The first is to paddle into a side surf and then dig your downstream edge into the foam pile as much as you can. When you feel that you are being pushed up the foam pile (downstream), you need to get your hull level again and sweep your kayak so that it's facing straight upstream. However, reaching the top of the foam pile like this can easily result in you flushing off the foam pile, especially if the feature isn’t very retentive.
The best way to set-up is to carve to the shoulder of the feature you are on and then surf back across the top of the foam pile. As you reach the highest point of the foam pile, turn into a front surf so that you face straight upstream and into the deepest part of the feature. This carving method is more controllable and has the advantage of giving you some momentum (speed) to work with.
With the first step of the set-up completed, keep one of your blades in a draw/rudder position to help keep your kayak facing straight upstream. Now, allow the kayak to charge down the foam pile towards the seam - where the foam pile and oncoming downstream flow meet each other - of the feature. This is where everything starts happening real fast and you'll need a bit of practice to get your timing just right, so don’t worry if you battle at first because everyone does.
Make sure you are sitting up straight as your bow is about to reach the seam. Keep your blade in the foam, but slide it forward so that it's in line with your knees. You now need to kick your bow into the seam so that the oncoming current pushes it under water. To kick your bow, you will need to lean forward a bit, with your paddle engaged in the foam. As your bow reaches the seam, tense your stomach muscles, as if you were about to do a sit up, and think about kicking your legs down. Your blade in the foam will give your core muscles something to leverage against while you kick your legs down. The kick is crucial because if you don’t really kick your legs, your bow won’t be able to break through the surface of the oncoming current.
As your bow gets pushed under the water by the oncoming current, you need to stand up (either on your feet or on foot blocks) and remove your paddle from the foam at the same time.

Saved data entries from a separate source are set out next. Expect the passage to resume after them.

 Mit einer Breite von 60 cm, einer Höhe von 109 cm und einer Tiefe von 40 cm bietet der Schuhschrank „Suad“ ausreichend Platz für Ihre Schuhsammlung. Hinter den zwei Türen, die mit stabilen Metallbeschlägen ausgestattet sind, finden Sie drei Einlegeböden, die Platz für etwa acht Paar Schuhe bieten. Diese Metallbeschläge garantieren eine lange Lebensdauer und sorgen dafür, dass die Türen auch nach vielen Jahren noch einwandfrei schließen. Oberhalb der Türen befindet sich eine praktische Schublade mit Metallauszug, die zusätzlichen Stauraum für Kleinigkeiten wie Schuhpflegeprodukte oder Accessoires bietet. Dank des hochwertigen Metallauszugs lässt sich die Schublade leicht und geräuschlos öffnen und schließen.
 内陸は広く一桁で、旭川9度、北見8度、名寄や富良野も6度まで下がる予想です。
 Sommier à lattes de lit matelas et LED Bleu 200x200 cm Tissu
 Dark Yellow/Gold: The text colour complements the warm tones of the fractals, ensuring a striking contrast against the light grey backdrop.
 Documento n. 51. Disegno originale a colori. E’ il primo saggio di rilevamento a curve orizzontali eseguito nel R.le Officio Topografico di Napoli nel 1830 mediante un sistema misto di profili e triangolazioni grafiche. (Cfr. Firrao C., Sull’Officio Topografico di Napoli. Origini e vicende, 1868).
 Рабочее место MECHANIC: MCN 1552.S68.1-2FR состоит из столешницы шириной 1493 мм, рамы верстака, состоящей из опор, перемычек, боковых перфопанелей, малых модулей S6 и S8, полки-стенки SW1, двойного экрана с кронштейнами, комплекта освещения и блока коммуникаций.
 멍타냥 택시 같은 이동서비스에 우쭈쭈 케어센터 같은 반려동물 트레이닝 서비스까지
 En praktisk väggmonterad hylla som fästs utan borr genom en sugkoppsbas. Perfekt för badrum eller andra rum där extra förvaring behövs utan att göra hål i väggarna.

You will now feel your bow being pushed rather deep until it reaches a point where the kayak will start to pop back up. This is the stage that takes the most practice to get your timing right. As you start popping up, punch your hands straight up at the sky (it helps to look up at the sky as well) and as you reach the highest point of your pop, look back down into the seam where your bow entered and throw your whole body forward into a tuck position as hard as possible; your nose should pretty much touch your deck and your paddle your bow. This will initiate your rotation.
When you are completely inverted (upside down) and your head hits the foam pile, throw your body and paddle onto your back deck and kick your legs out in front of you. This will keep your rotation going and bring the kayak all the way around so that your stern hull hits the oncoming current and is pushed flat and you end up in a front surf position again.
Loop stroke
On smaller features, or very flushy ones, you can do what is called the loop stroke. This you do by throwing your body onto your back deck and pushing with the non-power face of your blade (remember you are upside down now), to help give you more power to kick your legs out in front of you. If you managed to get your timing right, you should have returned to a front surf position - and your buddies are standing there awestruck by your amazing skills.

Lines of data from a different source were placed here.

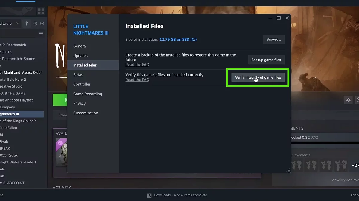 - Щёлкните ПКМ по Little Nightmares 3, выберите «Свойства».
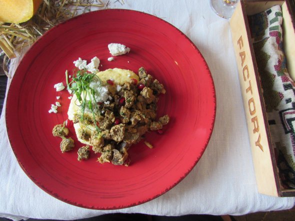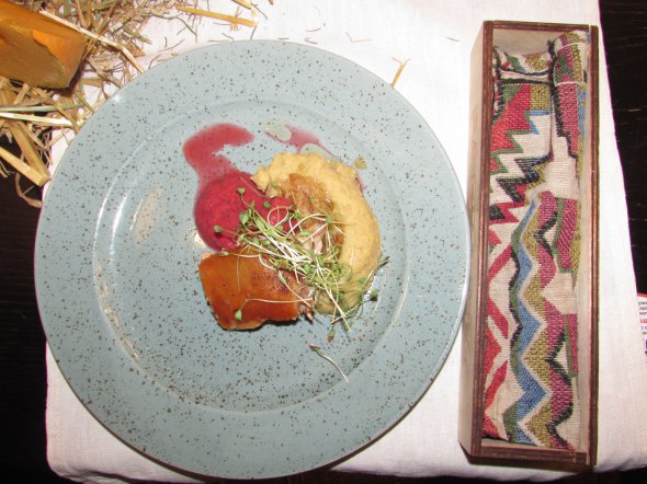 На основну страву з м'яса шеф подає молочне порося з сочевиці та кизиловим соусом.
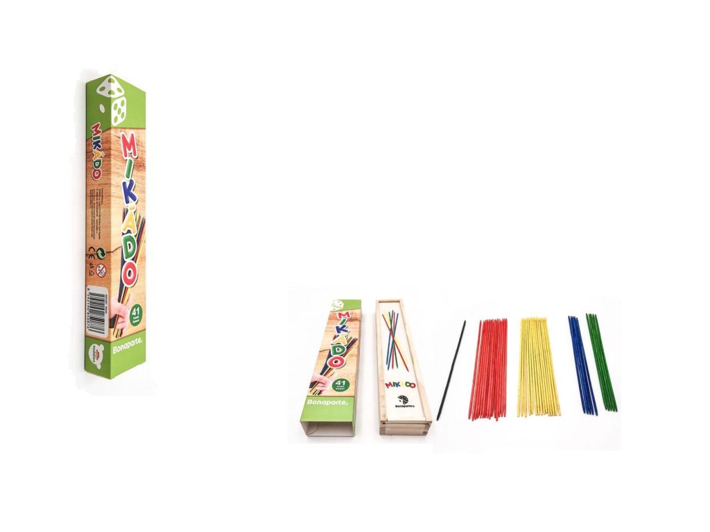 Celý svazek tyčinek se zarovná, sevře jednou z dlaní a pak se náhle z ruky uvolní na stolní desku či jinou podložku. Tyčinky dopadnou na stůl a soupeři pak vytahují z hromádky jednu za druhou. Špatné rozhození je možné 2x zopakovat. Pokud při vytahování dojde k pohnutí kterékoliv jiné tyčinky, ve hře pokračuje soupeř. Po získání tyčinky zvané Mandarin či Mikádo (černá nebo zelená) si jí lze při uvolňování ostatních pomáhat. Hra končí po rozebrání všech tyčinek. Vyhraje ten ze soupeřů, kterému se podaří nasbírat tyčinky s největším bodovým součtem. Dřevěná krabička obsahuje 41 ks dřevěných tyčinek.
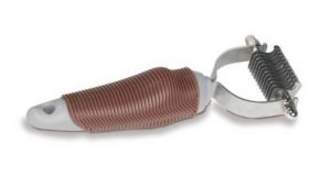 Een andere manier is het werken met de Coat King, een klittenhark die de klit niet echt doorsnijdt maar met elke (rustige) beweging de bovenste laag los “schaaft”.

Remember, the loop is a very dynamic move and a key baseline move to progress to the more advanced combo moves, like the Phonix Monkey (a 360° bow pirouette into 360° air loop), and takes complete commitment and a good bunch of humour. As you start to get the timing of your kayak's pop and body movement more in tune with your loops, they will become bigger and take less and less effort.
So head to your nearest hole, wave or anything that's deep enough and has some foam, take a buddy along to keep an eye on you and flop, flop around until you ace that loop. In competitions, if you get some air between you and the water, you'll get bonus points for the air - and it looks as awesome as it feels!
The Brace
In kayaking, there are a few sneaky strokes to use that will make the difference between styling through some crazy rapids and having some crazy rapids running over your head. And, of course, you'll want to style those strokes in an upright position. The brace is one such stroke and you get two versions of it; the high and low brace.

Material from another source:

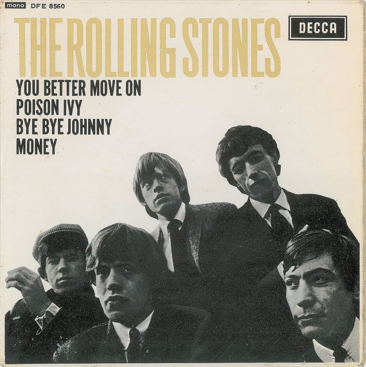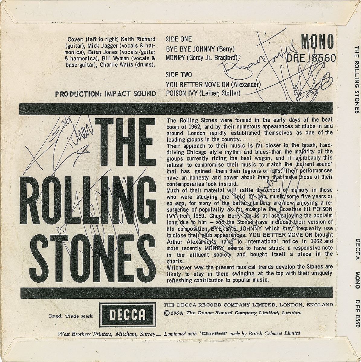 The Rolling Stones self-titled debut EP signed on the reverse of the sleeve in black ballpoint by Mick Jagger, Brian Jones, Keith Richards, Charlie Watts, and Bill Wyman. In fine condition, with expected light wear to the sleeve. The record is included. Accompanied by a certificate of authenticity from Tracks and a letter of provenance from the previous owner, stating that his partner’s grandfather obtained the autographs at the Rolling Stones show at the Odeon Theatre in Folkstone, Kent, England, on May 17, 1964. A highly sought-after early example.

For the high brace, you have your hands cocked back so that the power face (the face of your blade that pulls the water on a forward stroke) is facing down and your arms are in a pull-up position, about the same height as your chin.
When it comes to the low brace, you twist your wrists the other way round so that the non-power face of your blade is facing the surface and your arms are positioned as if you were doing a push-up on your knuckles.
Both brace strokes should be done in line with your thighs. You can obviously move the blade that you are bracing on further away from your kayak, depending on the situation you are in, but avoid letting your hands move behind your hips as this will put your shoulders at risk.
For both braces the idea is to get your paddle engaged in the water by sliding it flat over the water surface. This will give you leverage to engage your core muscles, which will level out your kayak so that you don’t take a swim when running a rapid. The stroke is not there for you to push yourself upright. It's there so that you can use your core muscles to engage your hips and legs and lift the edge of your kayak, which is being pulled or pushed under the surface, and keep you floating level. My favourite move is the low brace because it's safer for my shoulders and allows you to go from a low brace into a forward stroke really quickly.
With your blade somewhere in line with your thighs and knees, all you need to do to switch to a forward stroke is roll your hand back up so that the power face of your blade is engaged, and pull your forward stroke.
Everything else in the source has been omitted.